DATA:
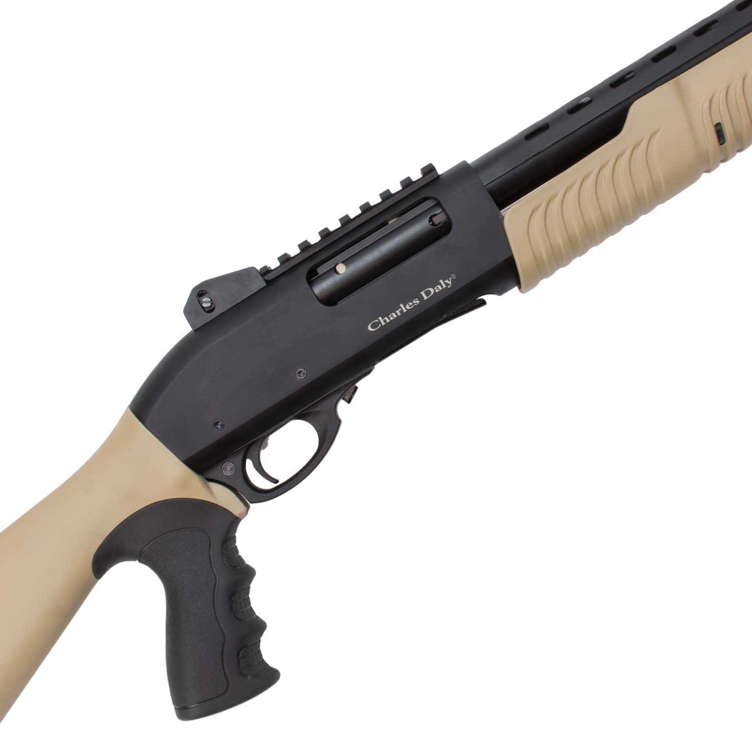 Description: Charles Daly 301 Tactical Pump Shotgun, 12ga. 18.5" Barrel, FDE Stock & Forend. This pump-action Charles Daly 301 12 gauge shotgun is a great choice for affordable home defense needs. Accepting 3" shells in the 5 round magazine tube, this 301 Tactical features an 18.5" steel barrel and a Ghost Ring rear sight installed behind the Picatinny top rail. The shotgun has sling attachment points at the end of the FDE forearm and on the synthetic FDE stock with a black pistol grip. This Charles Daly firearm carries the Mobilechoke choke tube system in the barrel. Expand your defense needs with this tactical go-to 301 shotgun from Charles Daly.
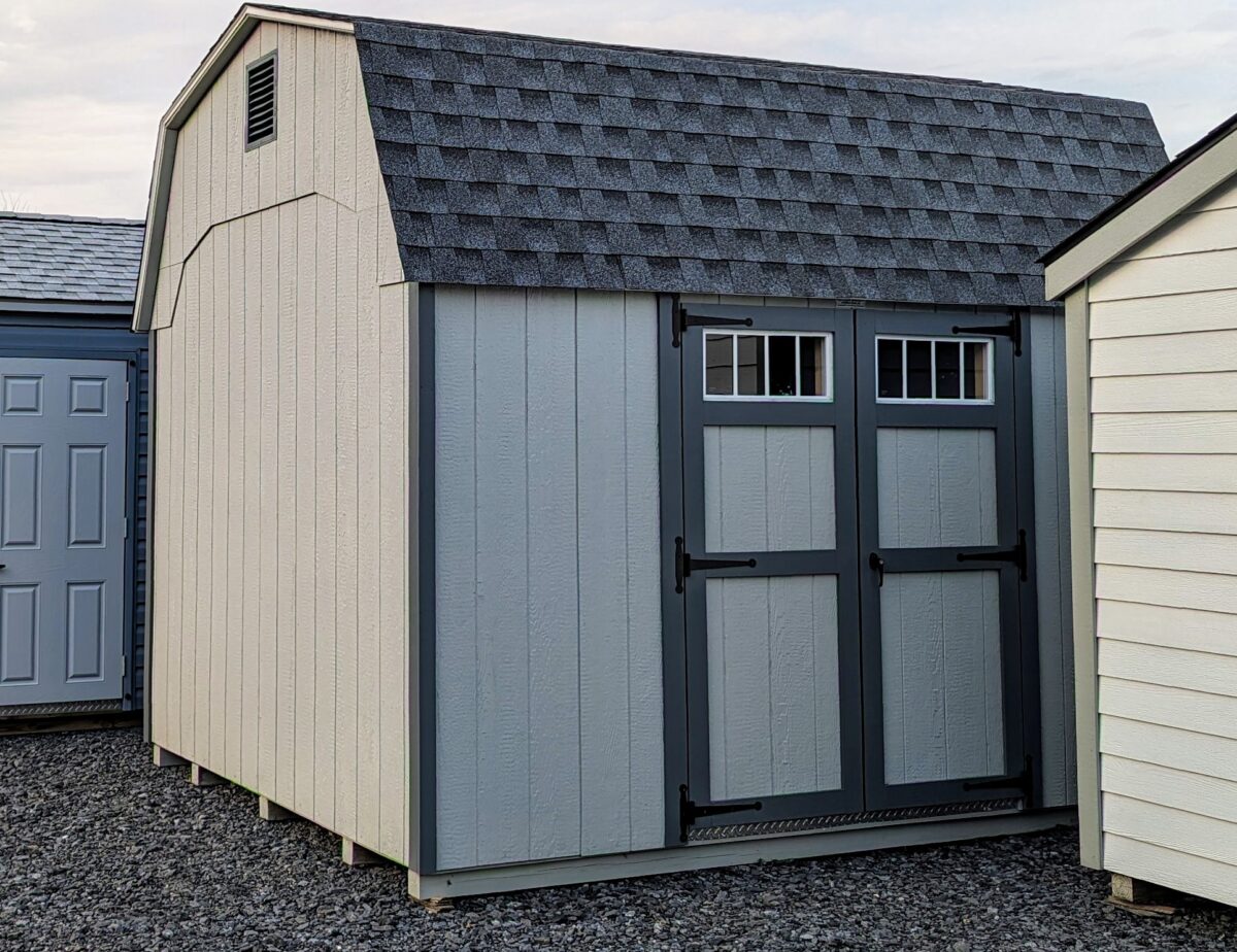 The 10×12 Dutch Barn Shed delivers dependable storage with the familiar look of a gambrel roof. Its Light Gray LP SmartSide siding pairs with Dark Gray trim to create a clean, practical appearance. Because of the barn roof design, the interior feels more open than a standard A-frame, which gives you extra headroom for easier movement and better long-term flexibility.
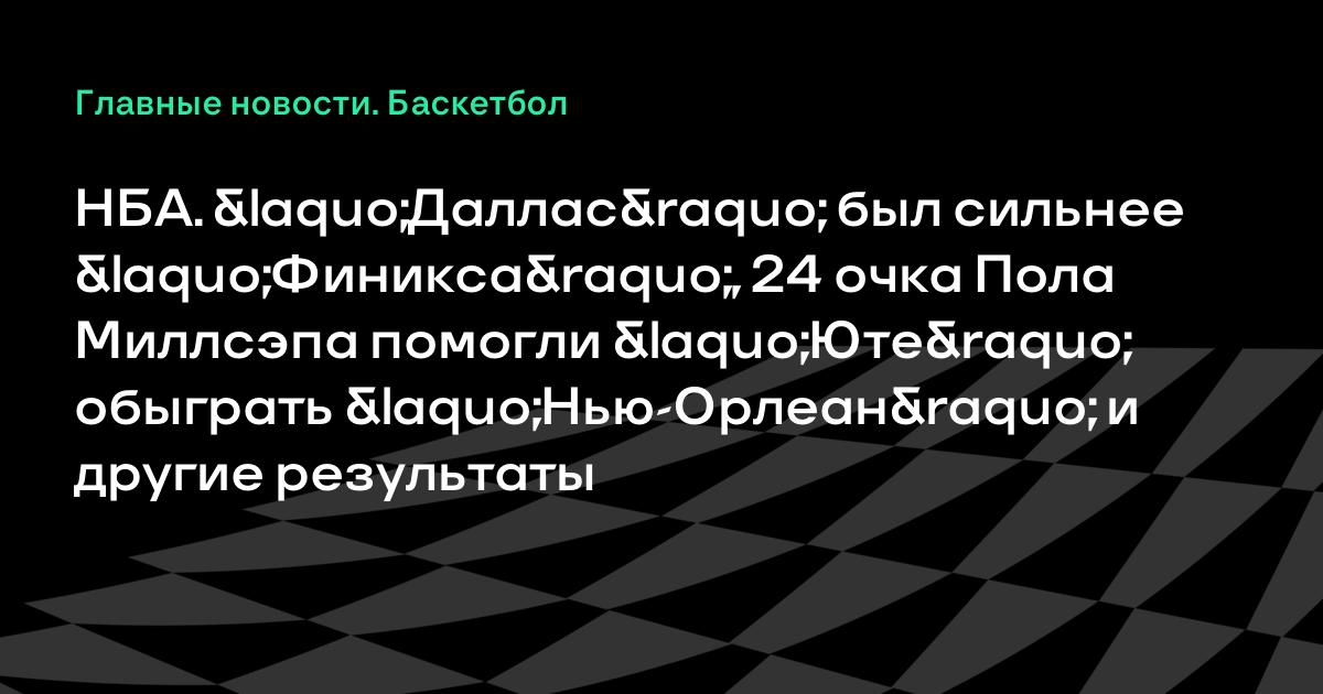 НБА. «Даллас» был сильнее «Финикса», 24 очка Пола Миллсэпа помогли «Юте» обыграть «Нью-Орлеан» и другие результаты

TASK INSTRUCTIONS: Give an exact copy of the listing, without its pictures.

SOLUTION TO THIS PROBLEM:
 Description: Charles Daly 301 Tactical Pump Shotgun, 12ga. 18.5" Barrel, FDE Stock & Forend. This pump-action Charles Daly 301 12 gauge shotgun is a great choice for affordable home defense needs. Accepting 3" shells in the 5 round magazine tube, this 301 Tactical features an 18.5" steel barrel and a Ghost Ring rear sight installed behind the Picatinny top rail. The shotgun has sling attachment points at the end of the FDE forearm and on the synthetic FDE stock with a black pistol grip. This Charles Daly firearm carries the Mobilechoke choke tube system in the barrel. Expand your defense needs with this tactical go-to 301 shotgun from Charles Daly.
 The 10×12 Dutch Barn Shed delivers dependable storage with the familiar look of a gambrel roof. Its Light Gray LP SmartSide siding pairs with Dark Gray trim to create a clean, practical appearance. Because of the barn roof design, the interior feels more open than a standard A-frame, which gives you extra headroom for easier movement and better long-term flexibility.
 НБА. «Даллас» был сильнее «Финикса», 24 очка Пола Миллсэпа помогли «Юте» обыграть «Нью-Орлеан» и другие результаты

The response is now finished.